* _What is needed_:
Range to copy from the entries below: the line containing "Quando acessamos a" through the line containing "盈利能力方面, 2026年一", inclusive. Retype only those lines, exactly, without any images.

* _Extracted entries_:

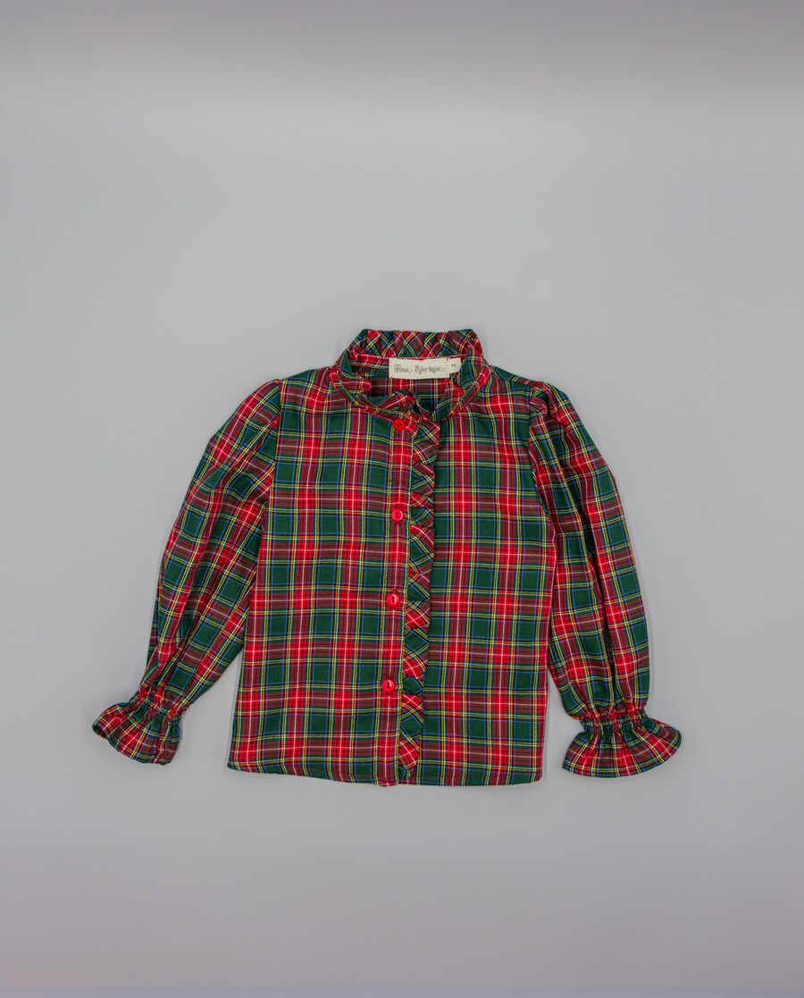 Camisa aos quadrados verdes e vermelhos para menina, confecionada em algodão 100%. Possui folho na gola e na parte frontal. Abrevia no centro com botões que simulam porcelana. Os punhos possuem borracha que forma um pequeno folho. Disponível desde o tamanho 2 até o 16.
==
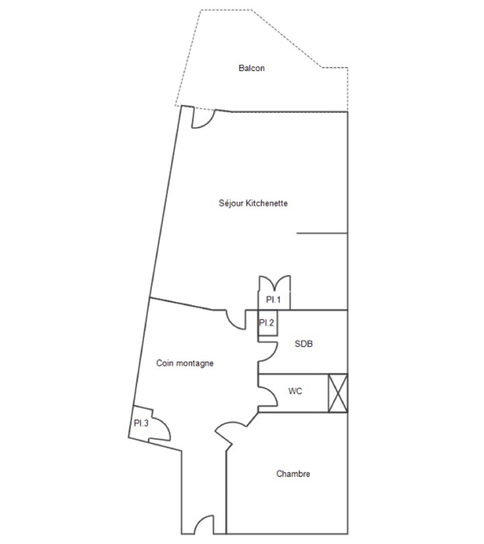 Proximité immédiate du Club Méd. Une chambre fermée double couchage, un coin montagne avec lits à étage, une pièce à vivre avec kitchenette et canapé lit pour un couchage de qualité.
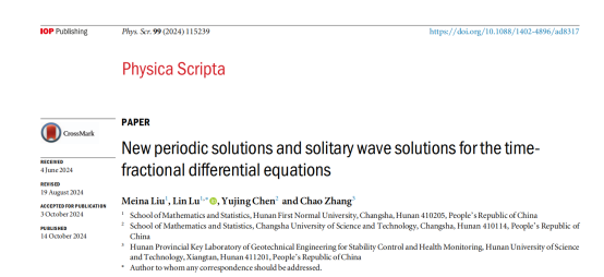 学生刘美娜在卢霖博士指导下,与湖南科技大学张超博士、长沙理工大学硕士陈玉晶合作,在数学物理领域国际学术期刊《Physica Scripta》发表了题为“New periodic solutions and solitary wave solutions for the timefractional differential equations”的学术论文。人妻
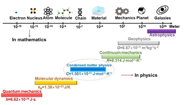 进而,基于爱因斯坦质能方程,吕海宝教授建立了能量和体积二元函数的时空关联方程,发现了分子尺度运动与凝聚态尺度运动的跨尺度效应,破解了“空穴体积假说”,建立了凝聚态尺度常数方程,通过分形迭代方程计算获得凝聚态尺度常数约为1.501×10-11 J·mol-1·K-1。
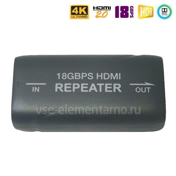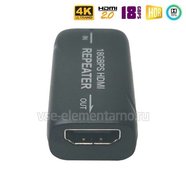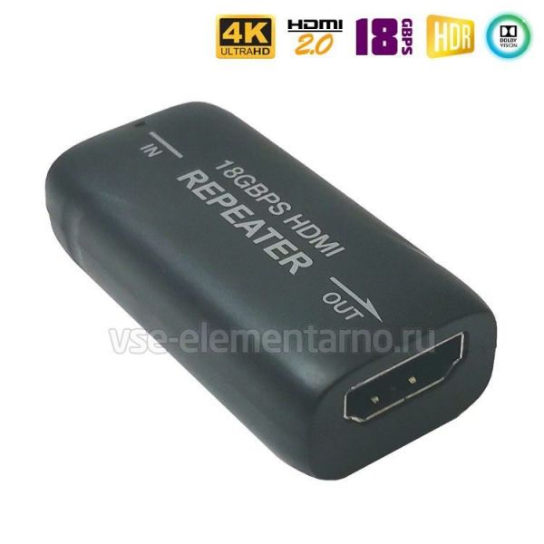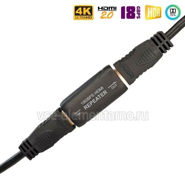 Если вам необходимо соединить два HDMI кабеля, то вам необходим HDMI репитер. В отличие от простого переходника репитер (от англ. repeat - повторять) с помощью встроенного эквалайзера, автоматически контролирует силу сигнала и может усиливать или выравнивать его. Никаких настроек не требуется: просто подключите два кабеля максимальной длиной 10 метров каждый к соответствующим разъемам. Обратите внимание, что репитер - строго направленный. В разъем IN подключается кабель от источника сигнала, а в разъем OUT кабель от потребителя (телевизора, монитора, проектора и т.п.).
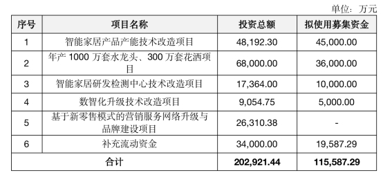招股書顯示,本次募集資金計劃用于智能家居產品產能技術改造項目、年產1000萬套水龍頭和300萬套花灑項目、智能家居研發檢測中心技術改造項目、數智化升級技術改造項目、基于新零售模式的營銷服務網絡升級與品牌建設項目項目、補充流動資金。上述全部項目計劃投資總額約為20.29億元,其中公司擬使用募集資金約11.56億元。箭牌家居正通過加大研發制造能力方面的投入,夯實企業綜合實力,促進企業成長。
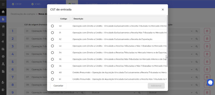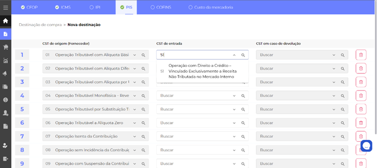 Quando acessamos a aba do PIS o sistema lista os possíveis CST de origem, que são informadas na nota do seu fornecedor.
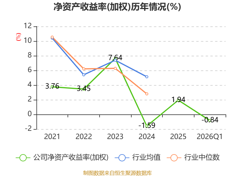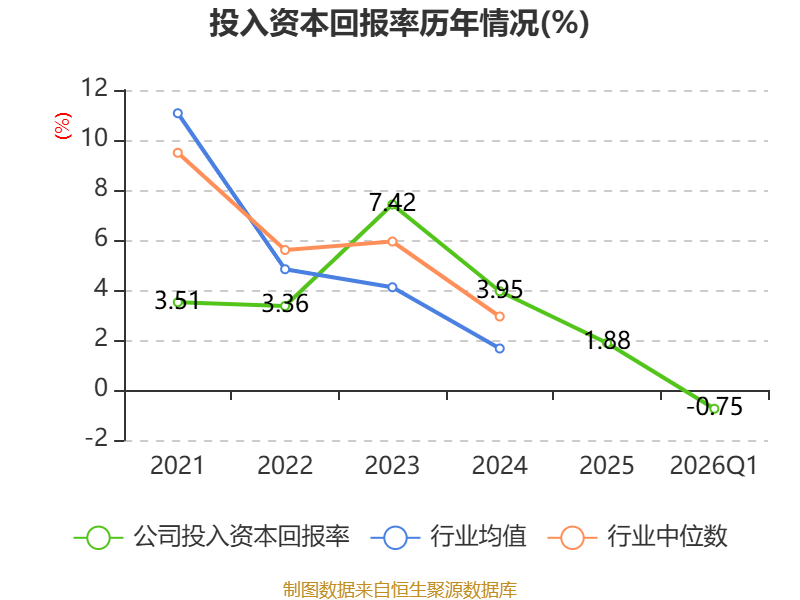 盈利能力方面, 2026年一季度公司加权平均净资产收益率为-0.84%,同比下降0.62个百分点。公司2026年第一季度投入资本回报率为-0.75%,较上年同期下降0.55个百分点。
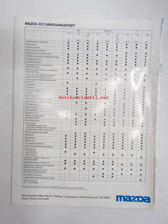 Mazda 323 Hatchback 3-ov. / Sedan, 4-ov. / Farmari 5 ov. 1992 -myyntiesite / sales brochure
...
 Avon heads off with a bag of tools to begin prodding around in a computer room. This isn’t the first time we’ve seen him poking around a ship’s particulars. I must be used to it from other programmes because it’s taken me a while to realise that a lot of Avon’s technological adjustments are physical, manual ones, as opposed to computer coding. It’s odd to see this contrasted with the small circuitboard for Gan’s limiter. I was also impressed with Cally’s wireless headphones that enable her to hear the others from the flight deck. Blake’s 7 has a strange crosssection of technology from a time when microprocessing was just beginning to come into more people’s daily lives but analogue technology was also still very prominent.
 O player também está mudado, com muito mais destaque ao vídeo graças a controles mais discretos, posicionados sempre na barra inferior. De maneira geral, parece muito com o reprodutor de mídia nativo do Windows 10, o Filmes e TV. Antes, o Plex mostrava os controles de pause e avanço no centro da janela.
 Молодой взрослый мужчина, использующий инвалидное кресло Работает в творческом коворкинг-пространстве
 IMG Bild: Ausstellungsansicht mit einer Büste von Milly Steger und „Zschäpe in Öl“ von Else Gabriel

* _Answer for the task_:
 Quando acessamos a aba do PIS o sistema lista os possíveis CST de origem, que são informadas na nota do seu fornecedor.
 盈利能力方面, 2026年一季度公司加权平均净资产收益率为-0.84%,同比下降0.62个百分点。公司2026年第一季度投入资本回报率为-0.75%,较上年同期下降0.55个百分点。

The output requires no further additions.